自己PRは、就職活動や転職活動の際に履歴書に記載し、面接時には必ずといって良いほど質問される事柄です。
しかし、自己PRの内容を考え始めると、何を書けば良いのかわからず、悩んでしまう人も少なくありません。
そこで今回は、自己PRで盛り込むべき内容や、具体的な例文をご紹介します。
目次
自己PRの例:盛り込むべき内容
自己PRは、自分が応募企業の求める人材であること、入社後に役に立てることをアピールするものです。
そのため、自身の強みと企業が求める人物像を理解したうえで、そのふたつが一致する部分を示す必要があります。
例えば、学生時代に電気・電子情報や機械工学を学んだ人が、無線機器やプログラム開発を行う企業に応募するとします。
このケースでは、学生時代に学んだ知識や開発経験が、応募企業の業務と関係しているため、以下のような自己PRが可能です。
私は学生時代、電気・電子情報を学んでいました。
ロボット相撲や無線機の研究・開発を行い、実際に企業と連携して商品開発した経験もあります。無線を使用した災害時の探索機器の研究・開発をなさっている御社で、私が培ってきた知識や経験を、ぜひ役立てたいです。
【強み・職種・経験別】自己PRの例文
ここからは、自己PRの例文を見ていきましょう。
強み別、職種別、経験別にそれぞれ紹介するので、参考にしてください。
強み別:自己PR例文
自己PRで用いられる強みのなかでも代表的なものとして、以下の3つについての例文を紹介します。
- 責任感
- 自己管理能力
- チャレンジ精神
そもそも、自己PRでアピールできる自分の強みがわからないという人は、以下の記事で探し方のポイントを解説していますので、参照してください。
責任感
物事を最後までやりとげる責任感は、業種、職種に関わらず活かせる強みです。
そのため、自己PRにも用いやすいでしょう。
以下に例文を紹介します。
【例文】私の強みは、何事も投げ出さず最後までやり遂げる責任感です。
まだ介護職について間もない頃、介護士の先輩が長期休暇に入り、急遽先輩が担当している入所者様のお世話についたことがありました。

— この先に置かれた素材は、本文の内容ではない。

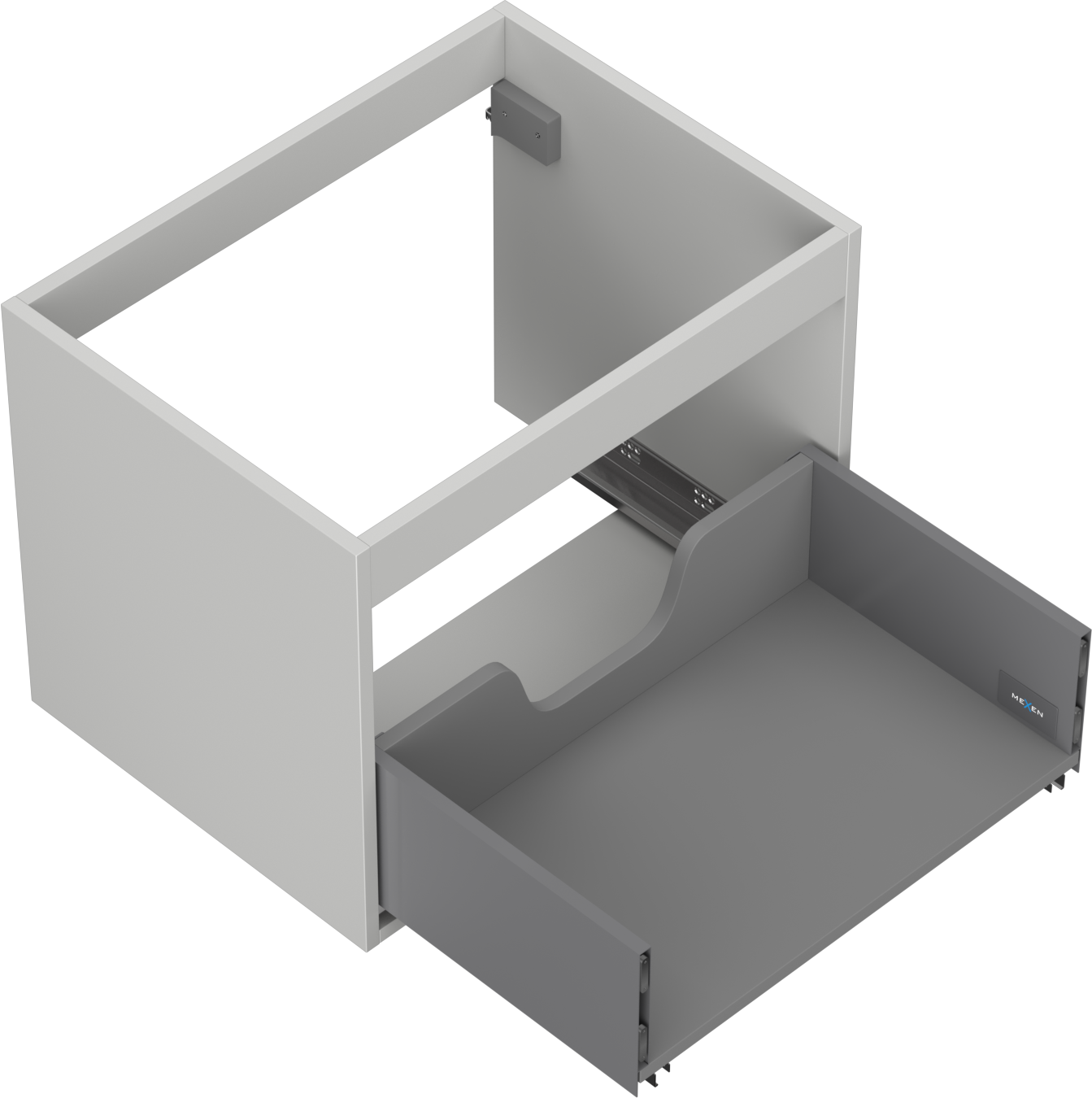 Изрезът в чекмеджето е проектиран по такъв начин, че да побере сифона, който е необходим в мивковите инсталации. Благодарение на това мебелът може да бъде монтиран напълно функционално, без да се налага отказване от пространството в чекмеджето заради инсталацията.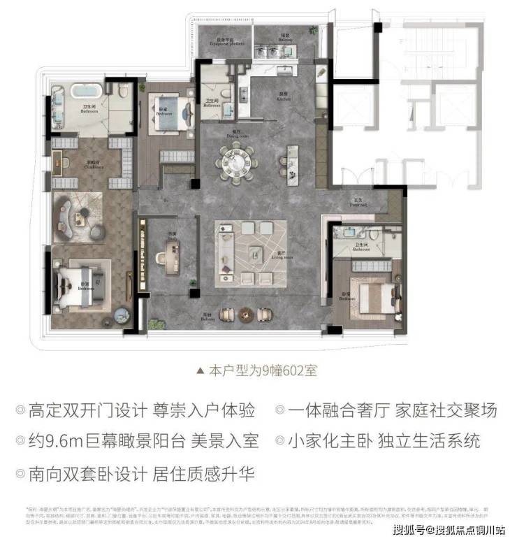 涵盖建面约145-248㎡户型,实现引景框景、270°景观面、少柱少墙大公区,主卧“大家化”、多阳台、多套房的户型设计跨越。

変化を嫌う方だったので、入所者様に怒鳴られたり介護を拒否されたりしたのですが、ここであきらめては入所者様にも施設にもご迷惑になると思い、毎日笑顔で接することを心がけました。
入所者様と少しずつ心の距離を縮め、最終的には冗談を言い合えるほど打ち解けられたのは、私の自信にもつながっています。
御社へ入社したら、持ち前の責任感で最後まで仕事に取り組み、関わったすべての人が笑顔になれるよう努めたいです。
自己管理能力
目標から逆算して自分の行動を決められる自己管理能力も、業種を問わず活かせる強みです。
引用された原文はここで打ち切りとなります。